**Work required:** Take the records below from their first line through the line holding "Expertly designed with", and set each of those lines down exactly, without pictures.
··· Information provided
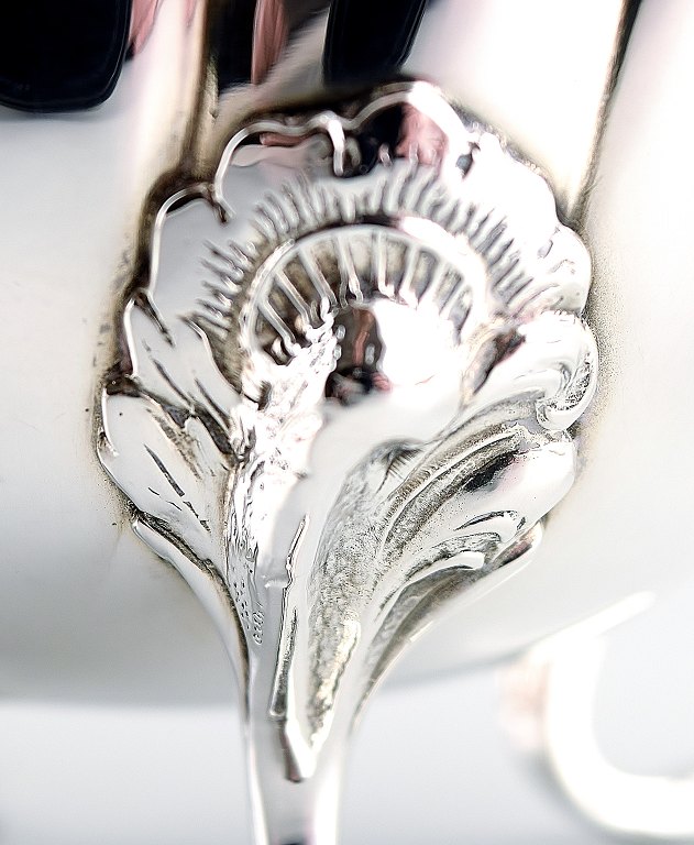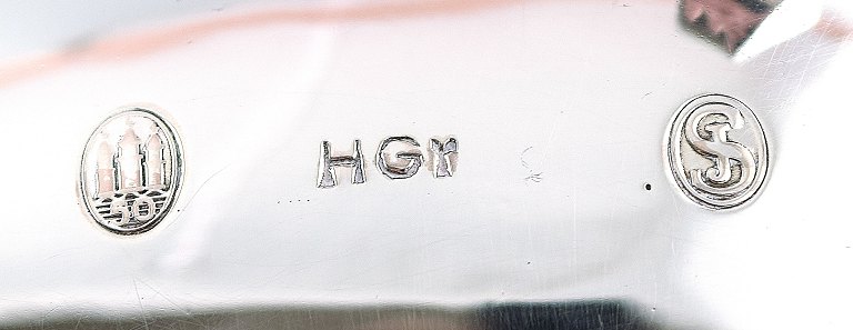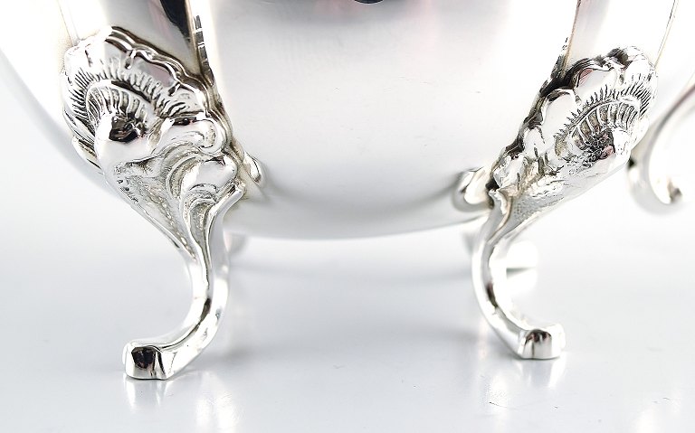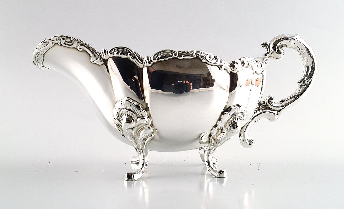 Hugo Grön 3-tårnet sølv sauce/sovsekande i rokoko stil. Danmark, ca. 1940. Måler : 15 cm. x 10 cm. Vægt 139 gram. I flot stand. Stemplet.
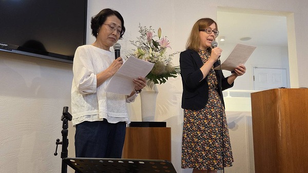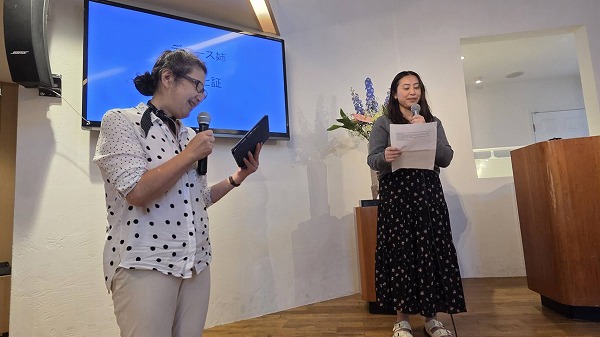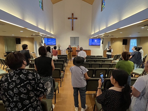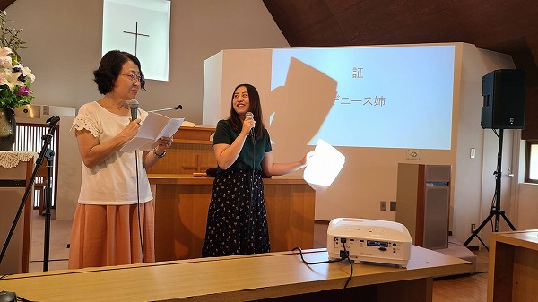 | 7/20(日):デニース姉が礼拝で証をしてくださいました。 海外からきてくださっている働き人たちに感謝いたします。 |
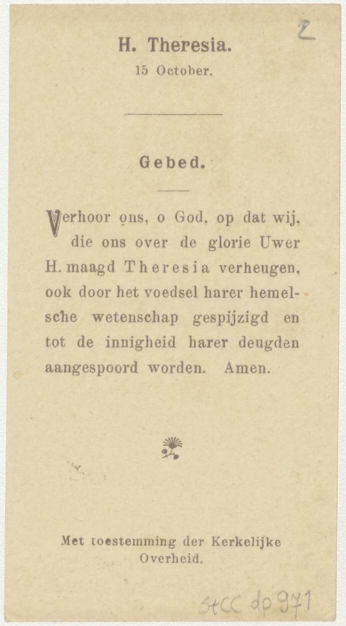 H. Theresia van het Kindje Jezus, kz. Gebed "Verhoor ons, o God, ..."
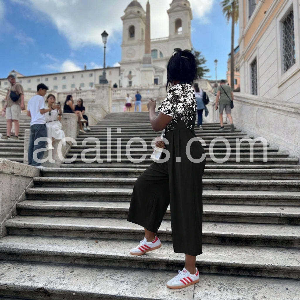 Expertly designed with a trendy black floral print, this jumpsuit is sure to elevate your style. Featuring half sleeves and a comfortable fit, it's perfect for any occasion. Made with high-quality materials, this jumpsuit is a must-have for any fashion-forward individual.
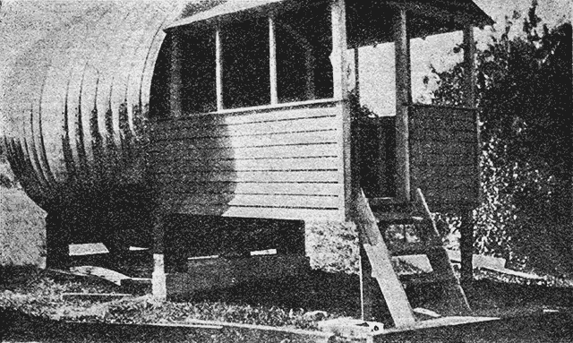 Жилищная теснота и квартирный кризис заставляют ломать головы над их разрешением не только у нас, в СССР, но и в крупных европейских и американских центрах. Наша фотография показывает, как одному нью-йоркскому архитектору удалось разрешить это затруднение. Не имея возможности приобрести себе участок земли близ Нью-Йорка, в виду ее дороговизны, он арендовал себе клочок пустыря, на крутом берегу Гудзона. Установив два высоких железных решетчатых устоя, он: перекрыл их железо-бетонной площадкой и построил на ней красивый трехэтажный дом. Архитектор Воолкот, живя в этом надземном доме, несомненно будет в достаточном количестве пользоваться солнечным светом и чистым воздухом.
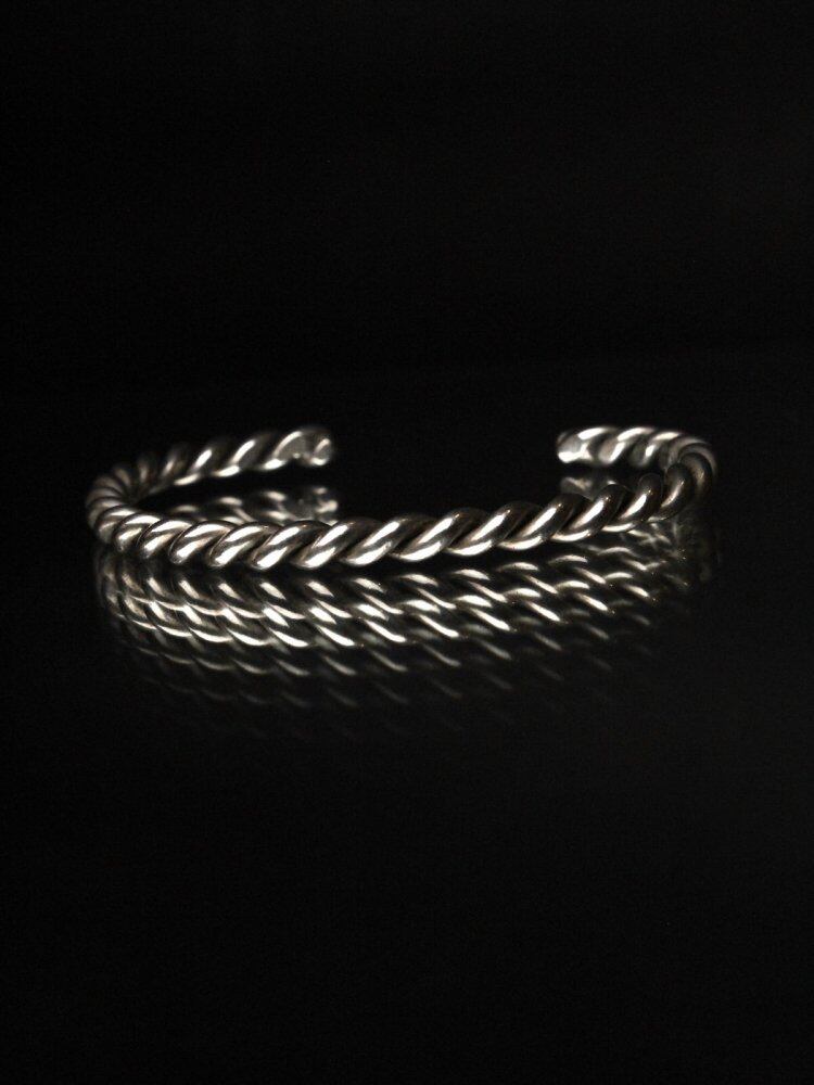A vintage Navajo bangle. The precious narrow silhouette gives off a simple yet profound atmosphere, and the spiral design of wire silver shows a mannish and delicate look. I cant see the hallmark, but its sterling silver. Since it is old, it may be scratched. Please check the photo and understand the characteristics of vintage before purchasing.
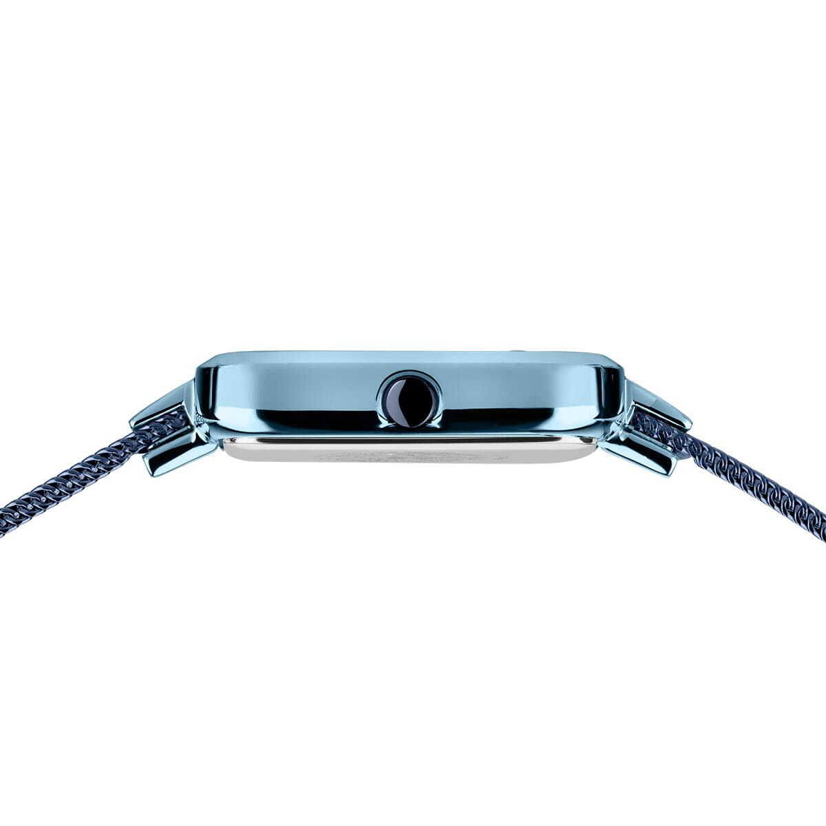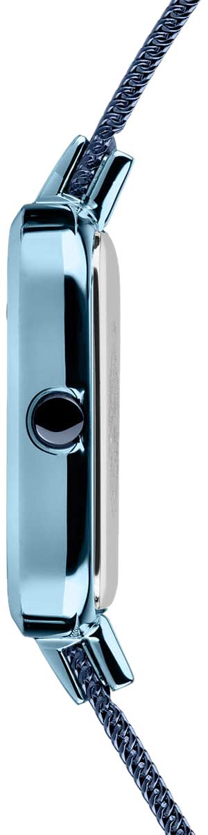 Женские кварцевые наручные часы с аналоговым отображением времени. Коллекция Petite Square. Классический и сдержанный дизайн часов подчеркнёт ваш индивидуальный стиль. Механизм Miyota 5Y20. Центральные часовая и минутная стрелки. Синий перламутровый циферблат. Прямоугольный стальной полированный корпус с IP покрытием синего цвета. Размеры корпуса 35 мм на 20 мм, толщина 6 мм. Устойчивое к возникновению мелких царапин плоское сапфировое стекло. Стальной браслет миланского плетения с синим IP покрытием. Раскладывающаяся застёжка с предохранительной защёлкой. Ширина браслета 8 мм, длина браслета 175 мм. Водонепроницаемость WR30 (защита от брызг).
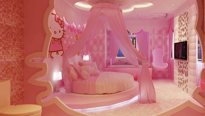 Hello Kitty客房的設計:對于女孩來說,最美好的回憶不就是從小陪伴她們的娃娃,在這里設計師希望女孩可以找回曾經(jīng)的美好,與男孩子一起分享,在分享之間雙方的情感再進一步,這樣的空間也代表著守護和疼愛,讓男孩子一生都無法忘記的美好回憶。
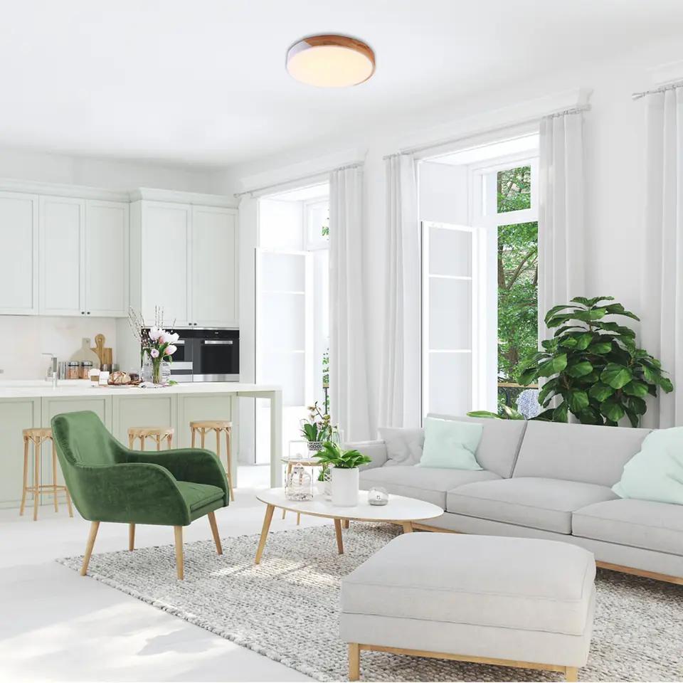 Cechy- Łącząca nowoczesny styl z naturalnością lampa sufitowa w stylu nordyckim- Ten matowo biały model, wykonany z metalu i drewna, doda trochę ciepła umeblowaniu Twojego salonu lub sypialni- Okrągłą oprawę uzupełnia biały plastikowy klosz- Model Maple zawiera wbudowane źródło światła LED o mocy 24W, strumieniu świetlnym 1760 lumenów i temperaturze barwowej 3000K- Ciepłe, białe światło- Żywotność to 30 000 godzin- Średnica tej niezwykle cienkiej lampy sufitowej wynosi 415 mm, odległość od sufitu to tylko 50 mm
······
**Output for this exercise:**
 Hugo Grön 3-tårnet sølv sauce/sovsekande i rokoko stil. Danmark, ca. 1940. Måler : 15 cm. x 10 cm. Vægt 139 gram. I flot stand. Stemplet.
 | 7/20(日):デニース姉が礼拝で証をしてくださいました。 海外からきてくださっている働き人たちに感謝いたします。 |
 H. Theresia van het Kindje Jezus, kz. Gebed "Verhoor ons, o God, ..."
 Expertly designed with a trendy black floral print, this jumpsuit is sure to elevate your style. Featuring half sleeves and a comfortable fit, it's perfect for any occasion. Made with high-quality materials, this jumpsuit is a must-have for any fashion-forward individual.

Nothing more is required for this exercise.